— RECORDS FOR PROCESSING —
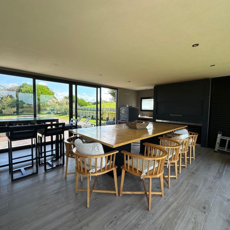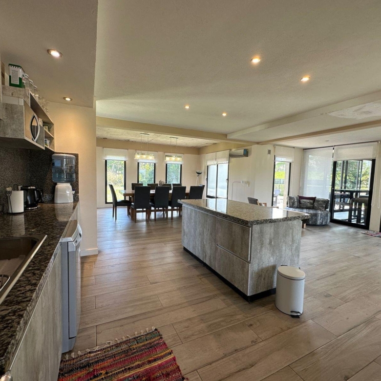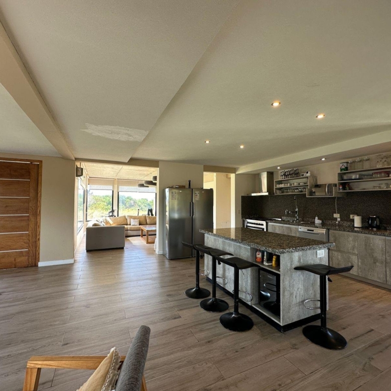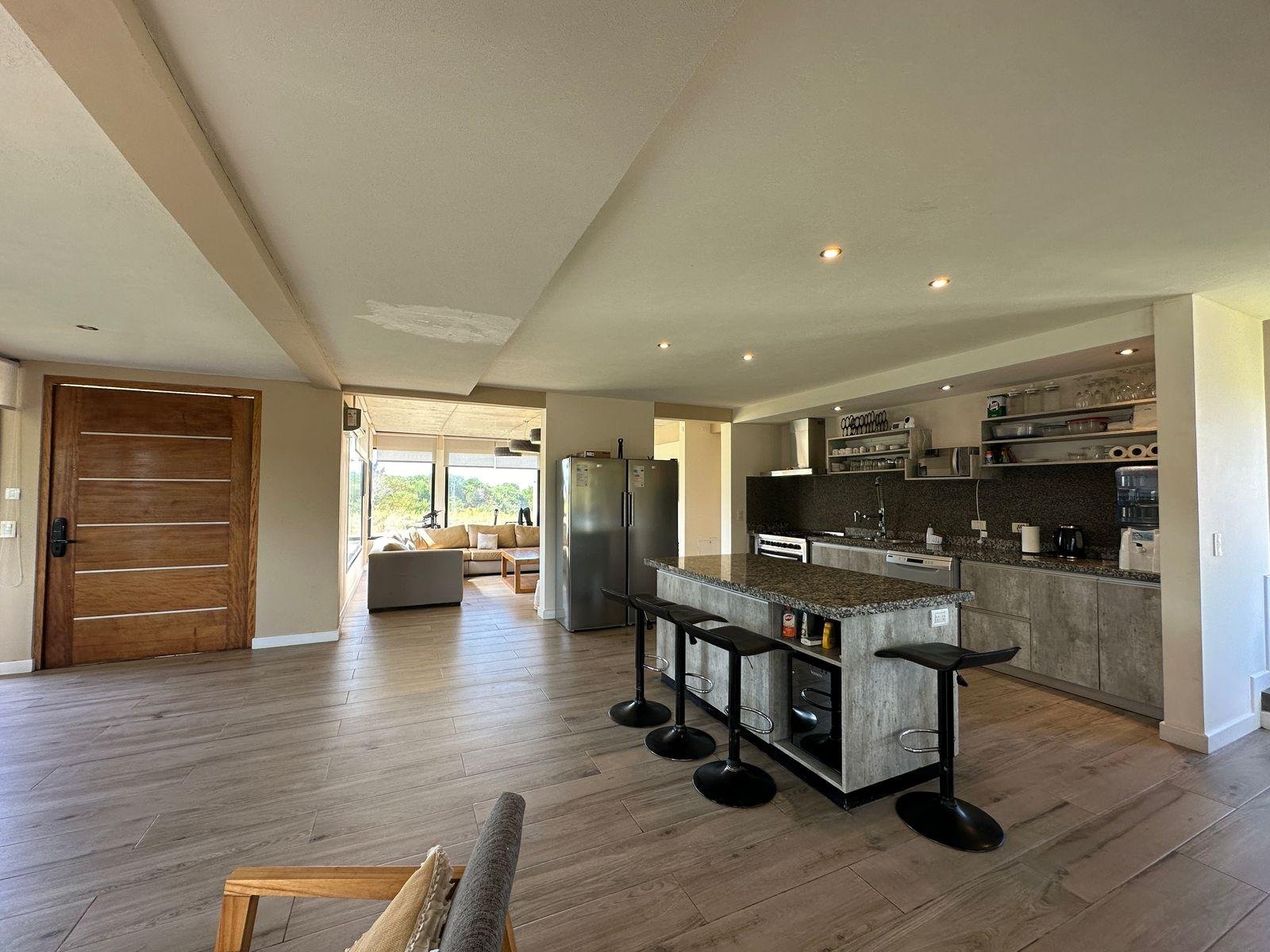 Este se conecta con la cocina, moderna y muy bien equipada, barra desayunadora y cómodo comedor.
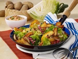 Kartoffelpfanne das verspricht ganz viel Geschmack bei wenig Aufwand In Kombination mit Gemüse, Fleisch oder Eiern entstehen so tolle Alltagsgerichte. Kartoffelpfanne mit Chinakohl Ein leicht adaptiertes Walleczek Rezept für 2 Personen 23 mittelgroße Kartoffeln, Salz, Pfeffer, 1 Zwiebel, 1 Knoblauchzehe, 1 Chinakohl, Butter, Olivenöl, 1 TL Paprikapulver, 1 TL Kümmel, 1 Dose weiße Bohnen (285 g Abtropfgewicht). VEGETARISCH Spaghetti in mediterraner Gemüsesoße (vegan) (Wz,Sel,L) 8,90 € Käsespätzle mit Röstzwiebeln und Salat (Wz,Ei,M,Sen) 8,50 € bunte Kartoffelpfanne mit Salat (Sel,Sen) 8,90 € hausgemachte Semmelklöße mit Pilzrahmsoße (Wz,M,Ei,Sel,Sen) 8,90 €.
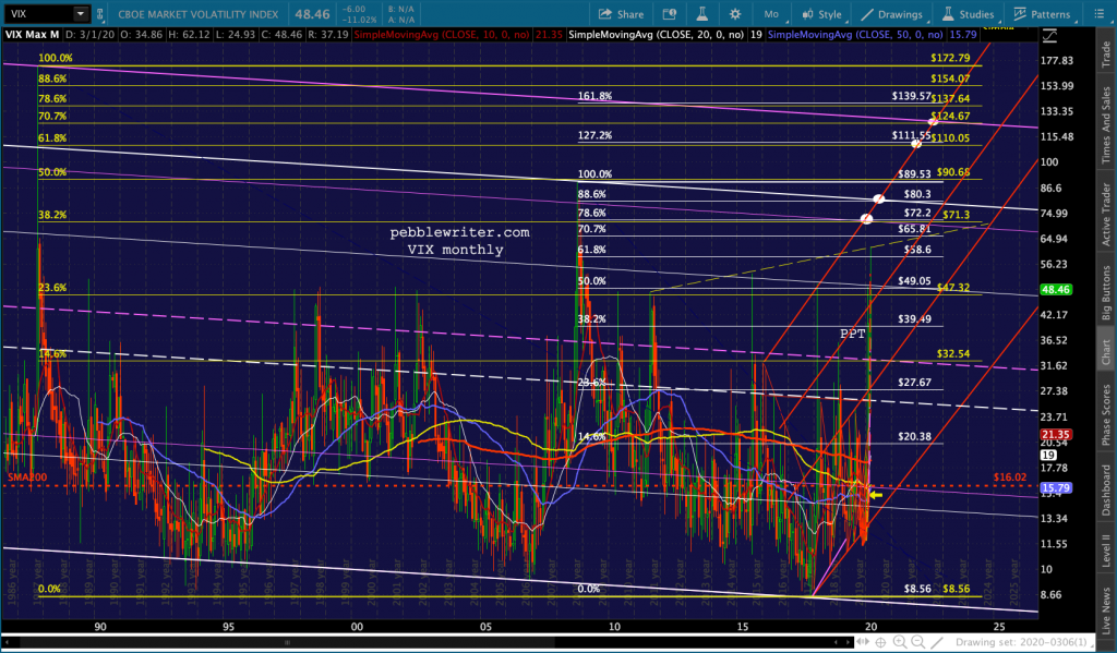 On Feb 28, VIX shot up to 49.48, but it only dropped as low as 24.93 before bouncing up to yesterday’s high of 62.12. The price to which it rallied was significant.
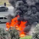 TEM Hadımköy Bağlantı Yolu Esenyurt mevkiinde, BMW marka bir aracın motor kısmında başlayan yangın, dakikalar içinde aracı küle çevirdi. Alev topuna dönen araç, itfaiye ekiplerince söndürülürken, yaşanan o anlar kameraya yansıdı.
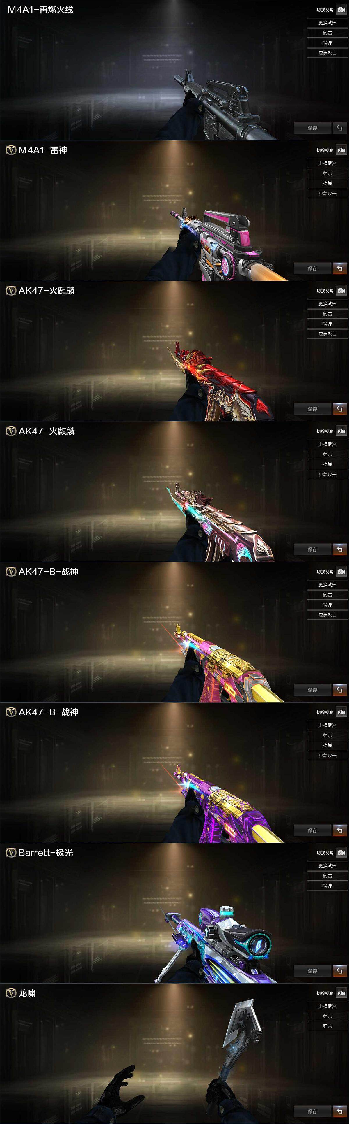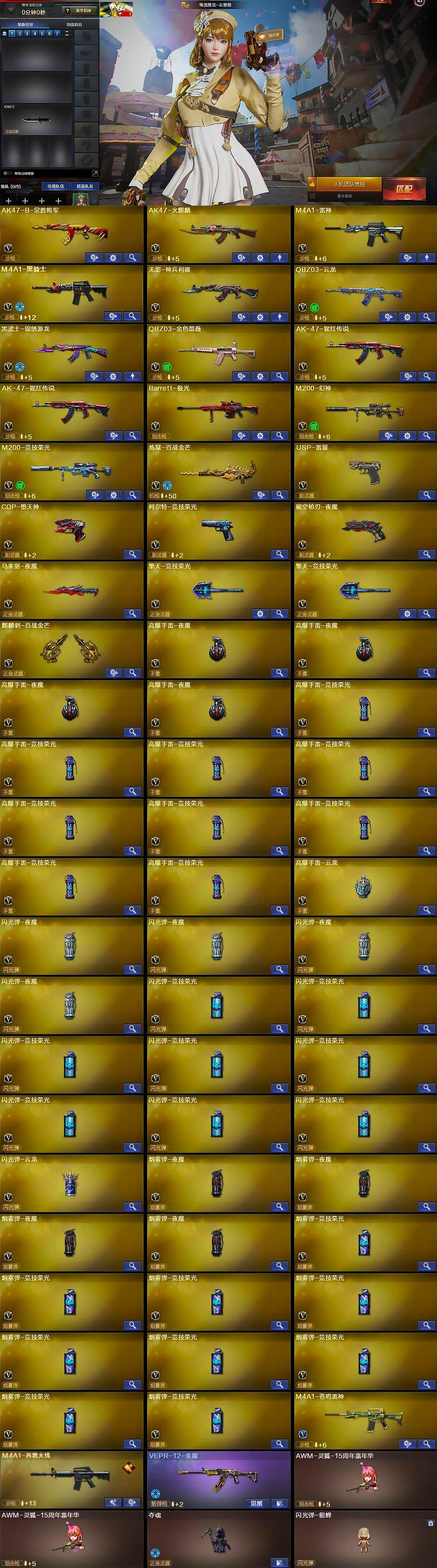 【英雄级武器】:AK47-火麒麟,M4A1-雷神,M4A1-黑骑士,无影-神兵利器,QBZ03-云龙,黑武士-锦绣游龙,QBZ03-金色蔷薇,AK-47-猩红传说*2,AK47-B-常胜将军,Barrett-极光,M200-幻神,M200-竞技荣光,炼狱-百战金芒,USP-雷暴,COP-堕天神,柯尔特-竞技荣光,破空枪刃-夜魔,马来剑-夜魔,擎天-竞技荣光*2,麒麟刺-百战金芒,高爆手雷-夜魔*4,高爆手雷-竞技荣光*9,高爆手雷-云龙,闪光弹-夜魔*4,闪光弹-竞技荣光*8,闪光弹-云龙,烟雾弹-夜魔*4,烟雾弹-竞技荣光*9,M4A1-苍鸣雷神
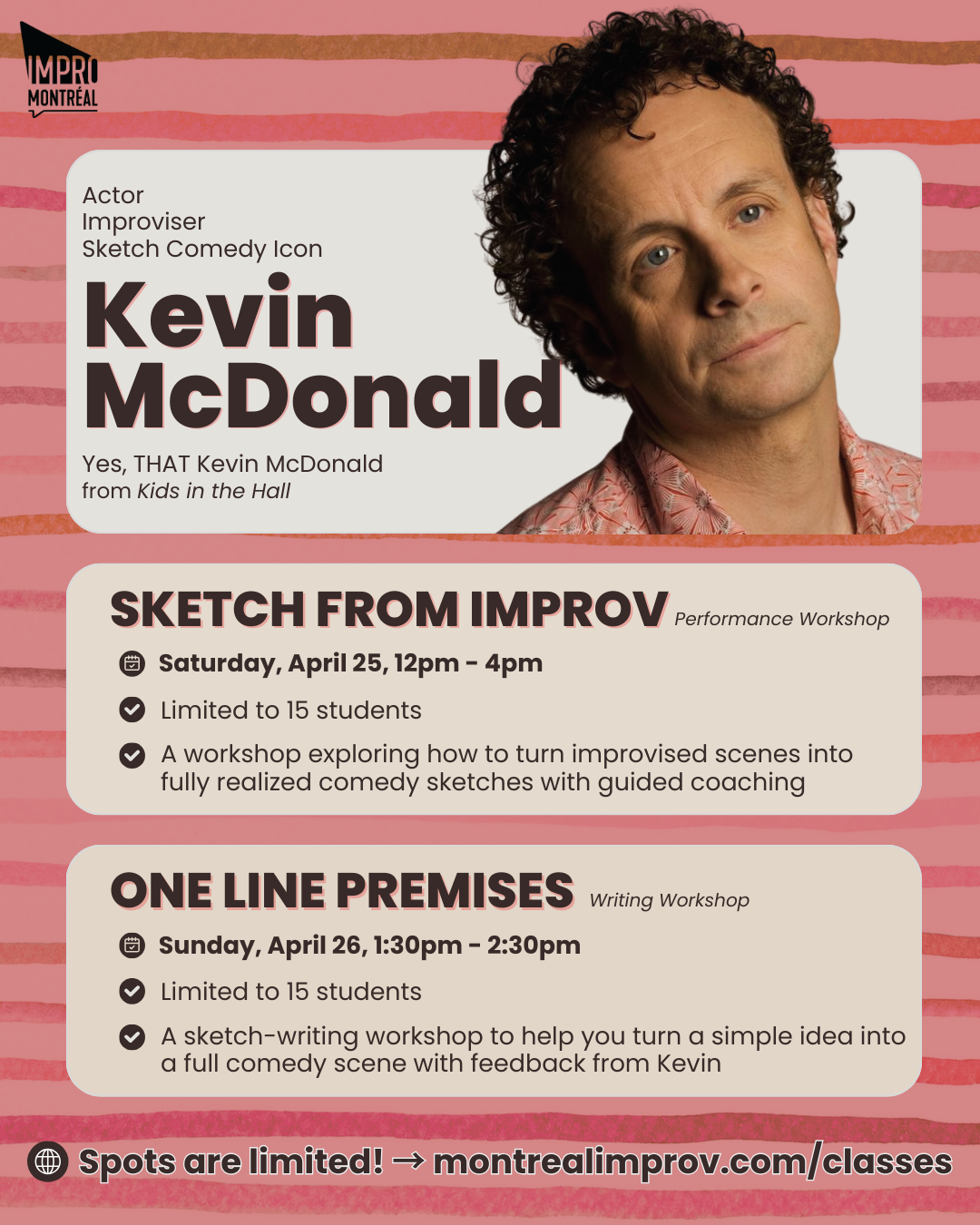 Want to step outside your comfort zone, meet new people, and explore your creativity? Try a class at Montreal Improv! Improve your public speaking, boost your confidence, and have fun in a warm, encouraging environment.
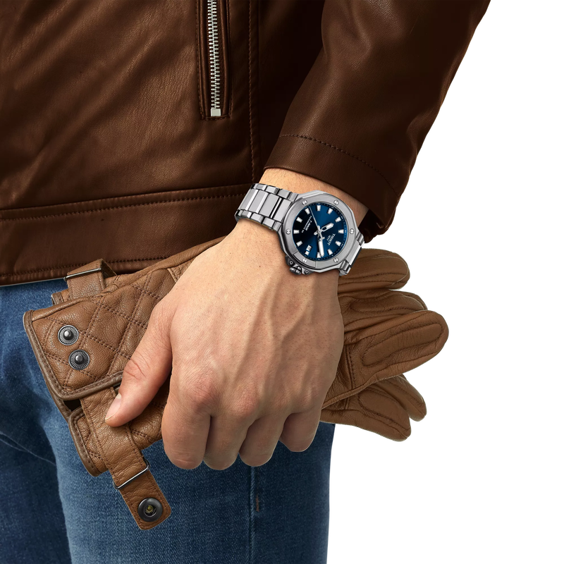 À l’intérieur bat un mouvement automatique suisse, visible à travers le fond transparent, qui permet d’admirer le cœur mécanique de la montre. Équipée du Powermatic 80, elle offre jusqu’à 80 heures de réserve de marche, une caractéristique qui garantit autonomie et fiabilité même lors des journées les plus exigeantes. L’ajout du spiral Nivachron renforce la stabilité du mouvement, assurant une précision optimale face aux champs magnétiques et aux variations environnementales.
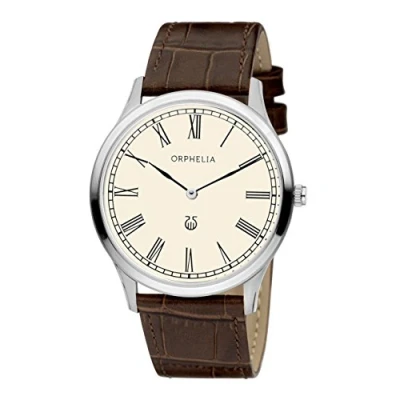 AMAZING DESIGN: Ulrta thin Analogue Men's Watch with a stable Quartz-movement PREMIUM QUALITY: By using high quality materials - Glass: Mineral Glass - Case material: Stainless steel - Band material: Leather - Waterproof: 3 bars PERFECT SIZE: - Case diameter: 42 mm - Height: 6 mm - Band: length: 21 cm, width: 22 mm. With this great size, this watch is absolutely ideal for everyday use - Weight: 38 grams NOBLE COLOUR: The classic colours will go great with any outfit . It enables you to easily spice up a normal outfit and add style to your life- Case Colour: Silver, Dial Color: Silver, Band Color: Brown COMPLETE PACKAGE : The watch is delivered in a Beautiful, original Orphelia Giftbox and 2 years warranty

— WHAT IS NEEDED —
If the data includes images, omit them, and set down everything else exactly as above.

— SOLVED PROBLEM —
 Este se conecta con la cocina, moderna y muy bien equipada, barra desayunadora y cómodo comedor.
 Kartoffelpfanne das verspricht ganz viel Geschmack bei wenig Aufwand In Kombination mit Gemüse, Fleisch oder Eiern entstehen so tolle Alltagsgerichte. Kartoffelpfanne mit Chinakohl Ein leicht adaptiertes Walleczek Rezept für 2 Personen 23 mittelgroße Kartoffeln, Salz, Pfeffer, 1 Zwiebel, 1 Knoblauchzehe, 1 Chinakohl, Butter, Olivenöl, 1 TL Paprikapulver, 1 TL Kümmel, 1 Dose weiße Bohnen (285 g Abtropfgewicht). VEGETARISCH Spaghetti in mediterraner Gemüsesoße (vegan) (Wz,Sel,L) 8,90 € Käsespätzle mit Röstzwiebeln und Salat (Wz,Ei,M,Sen) 8,50 € bunte Kartoffelpfanne mit Salat (Sel,Sen) 8,90 € hausgemachte Semmelklöße mit Pilzrahmsoße (Wz,M,Ei,Sel,Sen) 8,90 €.
 On Feb 28, VIX shot up to 49.48, but it only dropped as low as 24.93 before bouncing up to yesterday’s high of 62.12. The price to which it rallied was significant.
 TEM Hadımköy Bağlantı Yolu Esenyurt mevkiinde, BMW marka bir aracın motor kısmında başlayan yangın, dakikalar içinde aracı küle çevirdi. Alev topuna dönen araç, itfaiye ekiplerince söndürülürken, yaşanan o anlar kameraya yansıdı.
 【英雄级武器】:AK47-火麒麟,M4A1-雷神,M4A1-黑骑士,无影-神兵利器,QBZ03-云龙,黑武士-锦绣游龙,QBZ03-金色蔷薇,AK-47-猩红传说*2,AK47-B-常胜将军,Barrett-极光,M200-幻神,M200-竞技荣光,炼狱-百战金芒,USP-雷暴,COP-堕天神,柯尔特-竞技荣光,破空枪刃-夜魔,马来剑-夜魔,擎天-竞技荣光*2,麒麟刺-百战金芒,高爆手雷-夜魔*4,高爆手雷-竞技荣光*9,高爆手雷-云龙,闪光弹-夜魔*4,闪光弹-竞技荣光*8,闪光弹-云龙,烟雾弹-夜魔*4,烟雾弹-竞技荣光*9,M4A1-苍鸣雷神
 Want to step outside your comfort zone, meet new people, and explore your creativity? Try a class at Montreal Improv! Improve your public speaking, boost your confidence, and have fun in a warm, encouraging environment.
 À l’intérieur bat un mouvement automatique suisse, visible à travers le fond transparent, qui permet d’admirer le cœur mécanique de la montre. Équipée du Powermatic 80, elle offre jusqu’à 80 heures de réserve de marche, une caractéristique qui garantit autonomie et fiabilité même lors des journées les plus exigeantes. L’ajout du spiral Nivachron renforce la stabilité du mouvement, assurant une précision optimale face aux champs magnétiques et aux variations environnementales.
 AMAZING DESIGN: Ulrta thin Analogue Men's Watch with a stable Quartz-movement PREMIUM QUALITY: By using high quality materials - Glass: Mineral Glass - Case material: Stainless steel - Band material: Leather - Waterproof: 3 bars PERFECT SIZE: - Case diameter: 42 mm - Height: 6 mm - Band: length: 21 cm, width: 22 mm. With this great size, this watch is absolutely ideal for everyday use - Weight: 38 grams NOBLE COLOUR: The classic colours will go great with any outfit . It enables you to easily spice up a normal outfit and add style to your life- Case Colour: Silver, Dial Color: Silver, Band Color: Brown COMPLETE PACKAGE : The watch is delivered in a Beautiful, original Orphelia Giftbox and 2 years warranty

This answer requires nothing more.